/FlagPerf

FlagPerf is an open-source software platform for benchmarking AI chips.

Primary LanguagePythonApache License 2.0Apache-2.0

FlagAI

FlagPerf

Lint Code Base

FlagPerf是一款面向AI异构芯片的通用基准测试平台。我们希望探索开源、开放、灵活、公正、客观的AI芯片评测体系,提供行业价值,促进AI产业生态发展。 更多模型及框架支持持续开发中,欢迎加入共同建设,助力AI产业生态发展。


支持模型列表

模型 框架 英伟达 昆仑芯 天数智芯
BERT PyTorch
Paddle N/A N/A
CPM PyTorch
GLM PyTorch
ResNet50 PyTorch
TensorFlow2 N/A N/A
MobileNetV2 PyTorch
VisionTransformer PyTorch N/A
FasterRCNN PyTorch N/A
BigTransfer PyTorch N/A
Wav2Vec2 PyTorch N/A
EfficientNet PyTorch N/A
MaskRCNN PyTorch N/A N/A
RetinaNet PyTorch N/A N/A
Tacotron2 PyTorch N/A
WaveGlow PyTorch N/A
Transformer PyTorch N/A
SwinTransformer PyTorch N/A
  • 你可以点击模型或训练框架来跳转到对应case的训练脚本,✅来跳转到对应厂商的运行配置under review来跳转到对应的Pull Request

部署说明

软件环境

    OS: Ubuntu 20.04
    Kernel: 5.4.0-52-generic
    Docker: 20.10.9
    Python: 3.8

代码目录说明

├── LICENSE.md # 版权信息
├── README.md  # 本文件
└── training
    ├── benchmarks  # benchmark的标准实现
    ├── nvidia      # 厂商配置及扩展
    ├── requirements.txt # FlagPerf依赖的python包
    ├── run_benchmarks # 测试任务的脚本和配置
    └── utils # 测试任务执行需要的工具

下载FlagPerf并部署

1)在测试集群所有服务器上执行以下命令

# git clone https://github.com/FlagOpen/FlagPerf.git  
# cd FlagPerf/training/
# pip3 install -r requirements.txt

2)配置集群各服务器间root帐号的ssh信任关系和sudo免密


快速启动

准备数据和模型checkpoint

在测试集群的每台服务器上,准备数据和模型checkpoint,参见benchmarks/<model>/<framework>/README.md

编辑配置文件

在准备发起测试任务的服务器上,修改配置文件。

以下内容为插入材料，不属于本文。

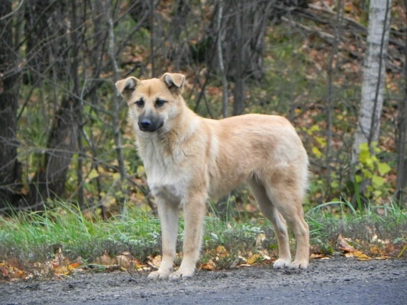 При этом пес, при наличии рядом жилых домов, некуда не уходит от этого места. У меня сложилось впечатление, что собаку или выбросили с проезжающей машины или она как-то потерялась. Пес очень внимательно просматривает каждую машину, проезжающую мимо него.
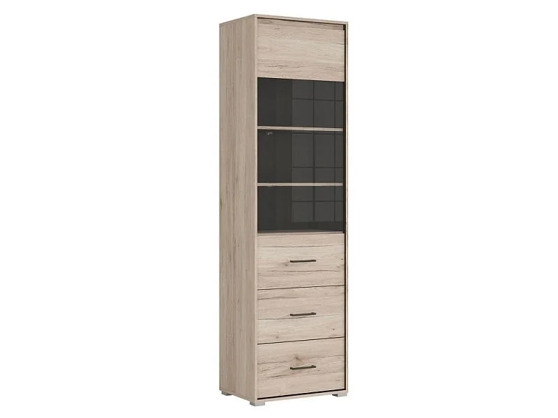 Vitrína GOFRY kombinuje světlý dub San Remo s šedou barvou wolfram, což dodává moderní a nadčasový vzhled interiéru. Rozměry (š x v x h) 56 x 40,5 x 197 cm a materiál lamino zaručují pevnost a snadnou údržbu.

主要包括集群配置文件、测试配置文件和benchmark模型配置文件。

1)修改集群配置文件

集群配置文件在FlagPerf/training/run_benchmarks/config/cluster_conf.py

# cd Flagperf/training/
# vim run_benchmarks/config/cluster_conf.py

集群配置文件主要包括集群主机列表和SSH端口,示例如下:

'''Cluster configs'''

# Hosts to run the benchmark. Each item is an IP address or a hostname.
HOSTS = ["10.1.2.3", "10.1.2.4", "10.1.2.5", "10.1.2.6"]
# ssh connection port
SSH_PORT = "22"

2)修改测试配置文件 测试配置文件在FlagPerf/training/run_benchmarks/config/test_conf.py,主要包括FlagPerf的部署路径、数据和模型checkpoint的路径、要跑的测试benchmark case列表等。

Tips:

  • 请根据自己所在地区,选用合适的pip源来配置PIP_SOURCE
  • 每次运行可配置多个benchmark case,每个benchmark case可以通过repeat来配置运行次数
  • FlagPerf使用CASES变量中的键(key)来索引相应模型(model,如bert),框架(framework,可选pytorch、pytorch_1.13),硬件类型(hardware_model,如A100),主机数量(nnodes,如1),计算卡数量(nproc,如8),和重复测试次数(repeat,如1),以冒号:为分隔符,按照“model:framework:hardware_model:nnodes:nproc:repeat”的格式以字符串存储。键对应的值为运行这一样例对应数据/模型权重所在目录
  • 例如,用户在目录/abc/def/data/存放了模型bert在框架pytorch下面运行的数据集与预训练权重,希望在2机8卡A100(共16卡)的环境上测试这一任务,重复3次取平均值,则需要在CASES中增加"bert:pytorch:A100:2:8:3":"/abc/def/data/"这一键值对。key中的bert为模型,pytorch为框架,A100为硬件类型,2为主机数量,8为每个主机上面的计算卡数量,3为重复次数,"abc/def/data/"为数据和权重的存放路径
'''Test Configs, including'''
# -*-coding:utf-8 -*-

# Set accelerator's vendor name, e.g. iluvatar, cambricon, kunlunxin and ascend.
# We will run benchmarks in training/<vendor>
VENDOR = "nvidia"

# Accelerator options for docker. TODO FIXME support more accelerators.
# possible value of ACCE_CONTAINER_OPT are:
#   iluvatar:
#       ' -v /lib/modules:/lib/modules '
#   kunlunxin:
#       " --device=/dev/xpu0 --device=/dev/xpu1 --device=/dev/xpu2" + \
#       " --device=/dev/xpu3 --device=/dev/xpu4 --device=/dev/xpu5" + \
#       " --device=/dev/xpu6 --device=/dev/xpu7 --device=/dev/xpuctrl"
#   nvidia:
#       " --gpus all"
#   ascend:
#       "--device=/dev/davinciX --device=/dev/davinci_manager + \
#        --device=/dev/devmm_svm --device=/dev/hisi_hdc + \
#        -v /usr/local/Ascend/driver -v /usr/local/dcmi -v /usr/local/bin/npu-smi"
ACCE_CONTAINER_OPT = " --gpus all"
# XXX_VISIBLE_DEVICE item name in env
# possible value of ACCE_VISIBLE_DEVICE_ENV_NAME are:
#   CUDA_VISIBLE_DEVICES for nvidia, iluvatar
#   MLU_VISIBLE_DEVICES for cambricon
#   XPU_VISIBLE_DEVICES for kunlunxin
#   ASCEND_VISIBLE_DEVICES for ascend
ACCE_VISIBLE_DEVICE_ENV_NAME = "CUDA_VISIBLE_DEVICES"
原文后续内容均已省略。